Исаия, rozdział 1
- Widzenie Izajasza, syna Amosa, które miał w sprawie Judy i Jerozolimy, w czasach królów judzkich: Ozjasza, Jotama, Achaza i Ezechiasza.
- Niebiosa, słuchajcie, ziemio, nadstaw uszu, bo Pan przemawia: Wykarmiłem i wychowałem synów, lecz oni wystąpili przeciw Mnie.
- Wół rozpoznaje swego pana i osioł żłób swego właściciela, Izrael na niczym się nie zna, lud mój niczego nie rozumie.
- Biada ci, narodzie grzeszny, ludu obciążony nieprawością, plemię zbójeckie, dzieci wyrodne! Opuścili Pana, wzgardzili Świętym Izraela, odwrócili się wstecz.

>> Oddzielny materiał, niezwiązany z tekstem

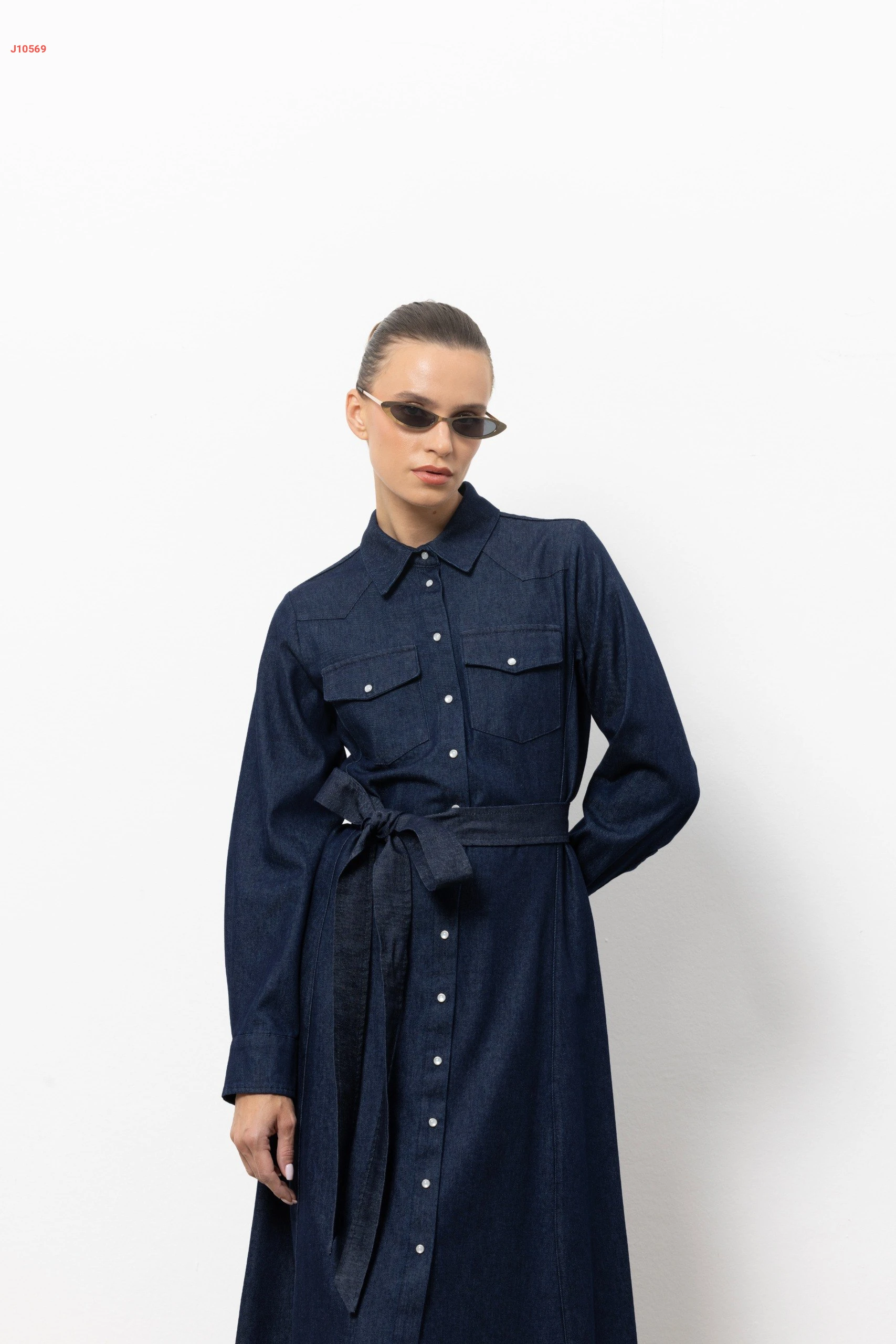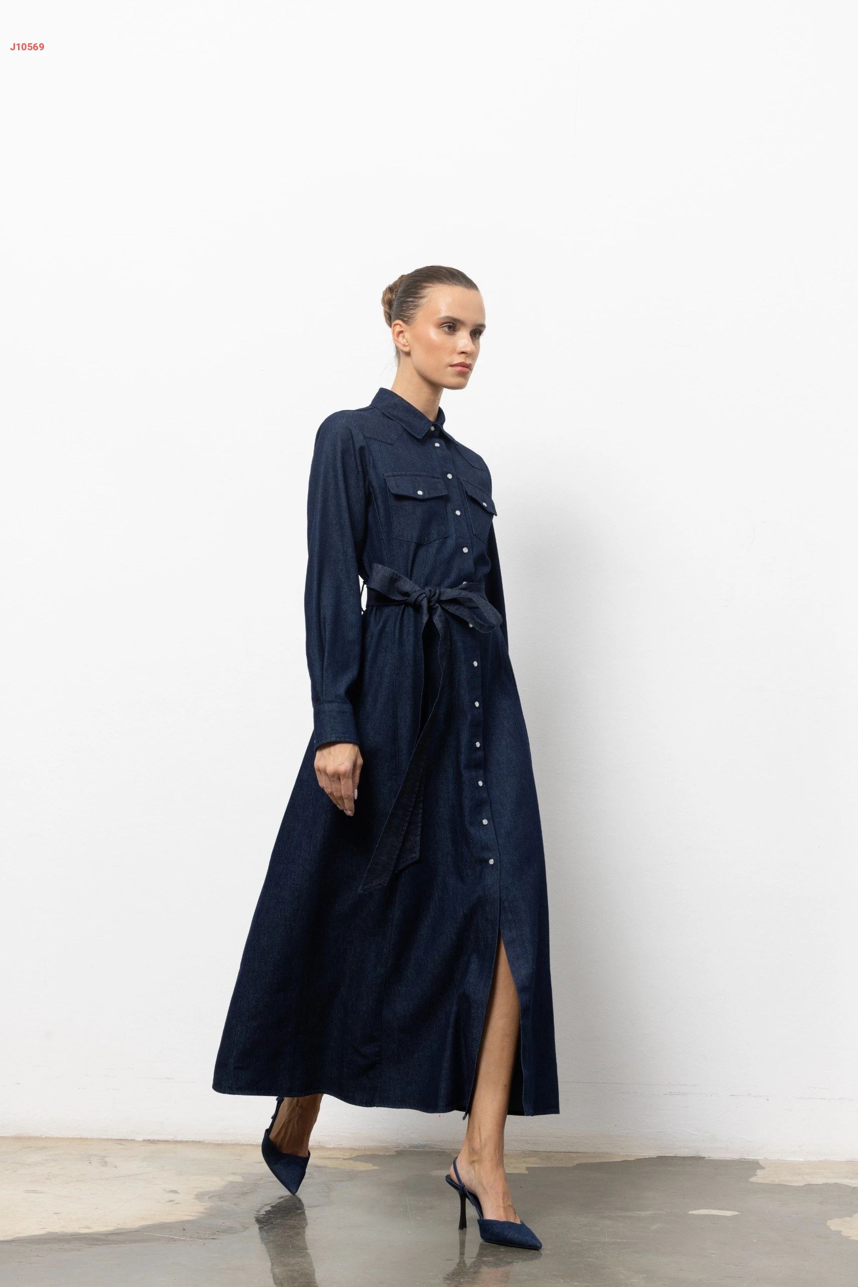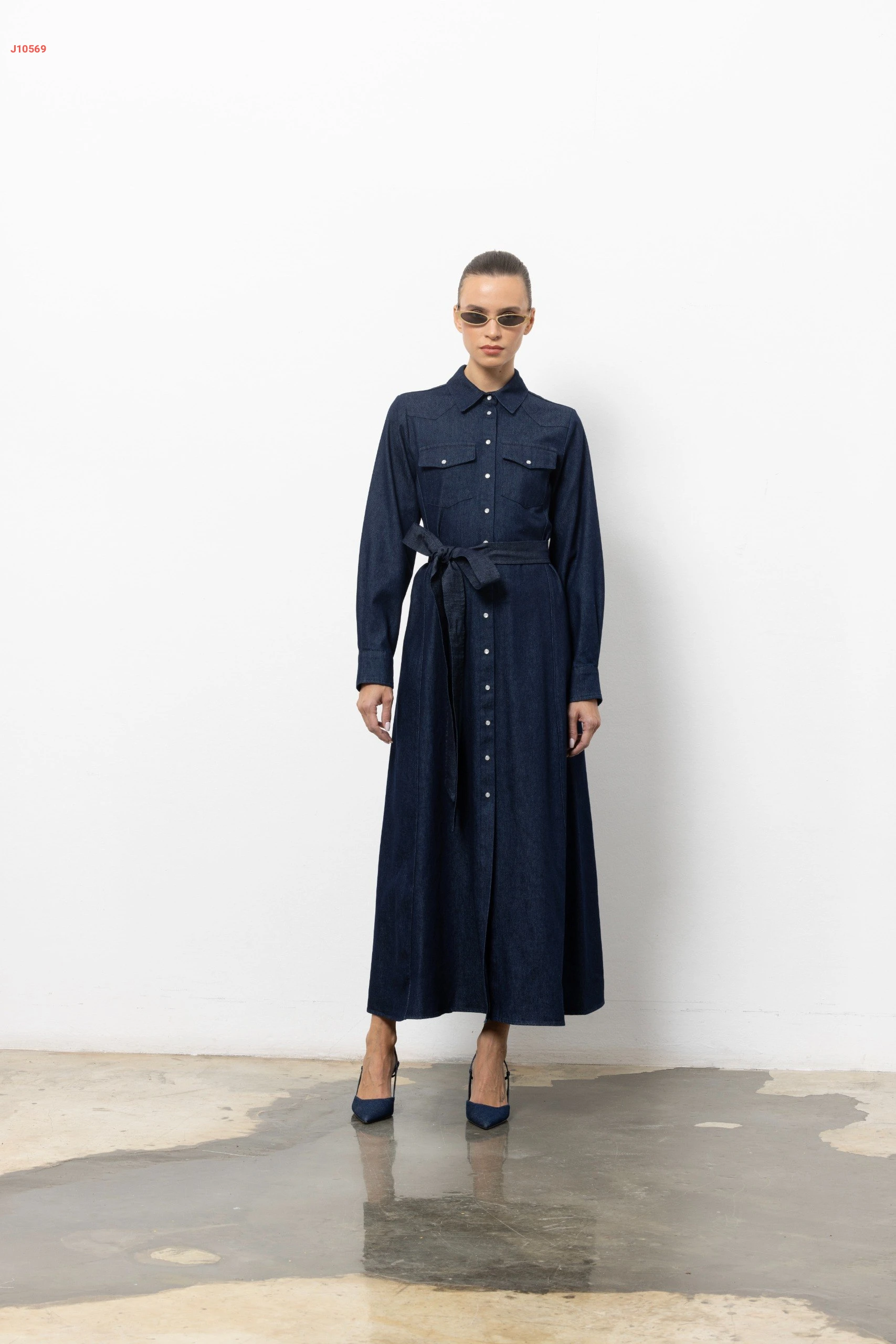 فستان جينز طويل بأزرار وزنار

- Gdzie was jeszcze uderzyć, skoro mnożycie przestępstwa? Cała głowa chora, całe serce osłabłe;
- od stopy nogi do szczytu głowy nie ma w nim części nietkniętej: rany i sińce i opuchnięte pręgi, nie opatrzone ani przewiązane, nie złagodzone oliwą.
- Kraj wasz spustoszony, wasze miasta ogniem spalone, cudzoziemcy tratują wam niwy na waszych oczach: spustoszenie jak po zagładzie Sodomy.

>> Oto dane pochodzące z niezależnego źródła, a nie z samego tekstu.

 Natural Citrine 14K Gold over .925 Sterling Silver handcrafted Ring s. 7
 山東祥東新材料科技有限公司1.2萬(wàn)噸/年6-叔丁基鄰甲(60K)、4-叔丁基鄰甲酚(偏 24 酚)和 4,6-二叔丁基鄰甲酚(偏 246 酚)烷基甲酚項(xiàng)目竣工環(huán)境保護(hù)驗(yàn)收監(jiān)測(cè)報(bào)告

- Córa Syjonu ostała się jak chatka w winnicy, jak szałas w ogrodzie warzywnym, jak miasto oblężone.
- Gdyby nam Pan Zastępów nie zostawił Reszty, stalibyśmy się jak Sodoma, podobni bylibyśmy Gomorze.
- Słuchajcie słowa Pańskiego, wodzowie sodomscy, daj posłuch prawu naszego Boga, ludu Gomory!

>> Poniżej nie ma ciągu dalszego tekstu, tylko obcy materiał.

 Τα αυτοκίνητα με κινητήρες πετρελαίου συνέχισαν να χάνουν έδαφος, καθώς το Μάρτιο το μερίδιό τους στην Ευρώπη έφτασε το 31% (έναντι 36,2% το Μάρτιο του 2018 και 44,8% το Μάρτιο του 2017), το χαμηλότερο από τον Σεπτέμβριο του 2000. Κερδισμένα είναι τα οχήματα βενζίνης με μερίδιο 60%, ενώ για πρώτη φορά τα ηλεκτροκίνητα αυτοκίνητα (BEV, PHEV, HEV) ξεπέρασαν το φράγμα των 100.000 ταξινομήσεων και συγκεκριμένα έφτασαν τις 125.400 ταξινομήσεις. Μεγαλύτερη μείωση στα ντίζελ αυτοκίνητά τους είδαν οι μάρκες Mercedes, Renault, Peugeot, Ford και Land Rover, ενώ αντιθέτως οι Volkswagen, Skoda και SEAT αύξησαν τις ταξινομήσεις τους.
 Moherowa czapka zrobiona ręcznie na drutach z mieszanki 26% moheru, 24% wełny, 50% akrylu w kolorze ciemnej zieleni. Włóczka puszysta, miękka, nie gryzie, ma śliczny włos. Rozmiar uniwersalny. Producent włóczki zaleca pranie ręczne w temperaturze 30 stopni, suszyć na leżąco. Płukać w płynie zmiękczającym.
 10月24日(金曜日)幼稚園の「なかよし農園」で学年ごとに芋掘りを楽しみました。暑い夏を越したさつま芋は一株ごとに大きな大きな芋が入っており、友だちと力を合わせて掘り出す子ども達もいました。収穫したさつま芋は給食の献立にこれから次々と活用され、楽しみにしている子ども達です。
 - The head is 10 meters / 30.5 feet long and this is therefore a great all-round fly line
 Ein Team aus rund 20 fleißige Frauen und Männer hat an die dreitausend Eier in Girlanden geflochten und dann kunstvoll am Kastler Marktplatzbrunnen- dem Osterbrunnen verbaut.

- Co mi po mnóstwie waszych ofiar? — mówi Pan. Syt jestem całopalenia kozłów i łoju tłustych cielców. Krew wołów i baranów, i kozłów mi obrzydła.
- Gdy przychodzicie, by stanąć przede Mną, kto tego żądał od was, żebyście wydeptywali me dziedzińce?
- Przestańcie składania czczych ofiar! Obrzydłe Mi jest wznoszenie dymu; święta nowiu, szabaty, zwoływanie świętych zebrań… Nie mogę ścierpieć świąt i uroczystości.
- Nienawidzę całą duszą waszych świąt nowiu i obchodów; stały Mi się ciężarem; sprzykrzyło Mi się je znosić!
- Gdy wyciągniecie ręce, odwrócę od was me oczy. Choćbyście nawet mnożyli modlitwy, Ja nie wysłucham. Ręce wasze pełne są krwi.
- Obmyjcie się, czyści bądźcie! Usuńcie zło uczynków waszych sprzed moich oczu! Przestańcie czynić zło!
- Zaprawiajcie się w dobrem! Troszczcie się o sprawiedliwość, wspomagajcie uciśnionego, oddajcie słuszność sierocie, w obronie wdowy stawajcie!
- Chodźcie i spór ze Mną wiedźcie! — mówi Pan. Choćby wasze grzechy były jak szkarłat, jak śnieg wybieleją; choćby czerwone jak purpura, staną się jak wełna.
- Jeżeli będziecie ulegli i posłuszni, dóbr ziemskich będziecie zażywać.
- Ale jeśli się zatniecie w oporze, miecz was wytępi. Albowiem usta Pańskie [to] wyrzekły.
- Jakżeż to miasto wierne stało się nierządnicą? Syjon był pełen rozsądku, sprawiedliwość w nim mieszkała, a teraz zabójcy!
- Twe srebro żużlem się stało, wino twoje z wodą zmieszane.
- Twoi książęta zbuntowani, wspólnicy złodziei; wszyscy lubią podarki, gonią za wynagrodzeniem. Nie oddają sprawiedliwości sierocie, sprawa wdowy nie dociera do nich.
- Przeto [taka jest] wyrocznia Pana, Boga Zastępów, Wszechwładcy Izraela: Ach! uraduję się kosztem moich wrogów, pomszczę się na mych nieprzyjaciołach.
- Obrócę rękę moją na ciebie, wypalę do czysta twą rudę i usunę cały twój ołów.
- Przywrócę twoich sędziów jak dawniej, i twoich radnych jak na początku. Wówczas cię nazwą: Miastem Sprawiedliwości, Grodem Wiernym.
- Syjon okupi się poszanowaniem prawa, a jego nawróceni sprawiedliwością.
- Buntownicy zaś i grzesznicy razem będą starci, a odstępujący od Pana wyginą.
- Zaiste, wstyd wam będzie z powodu terebintów, któreście umiłowali, zarumienicie się wobec gajów, któreście obrali sobie.
- Bo będziecie jak terebint ze zwiędłym listowiem i jak ogród, w którym nie ma wody.
- I stanie się mocarz podpałką, a dzieło jego iskrą. Zapłoną razem oboje, a nikt nie ugasi.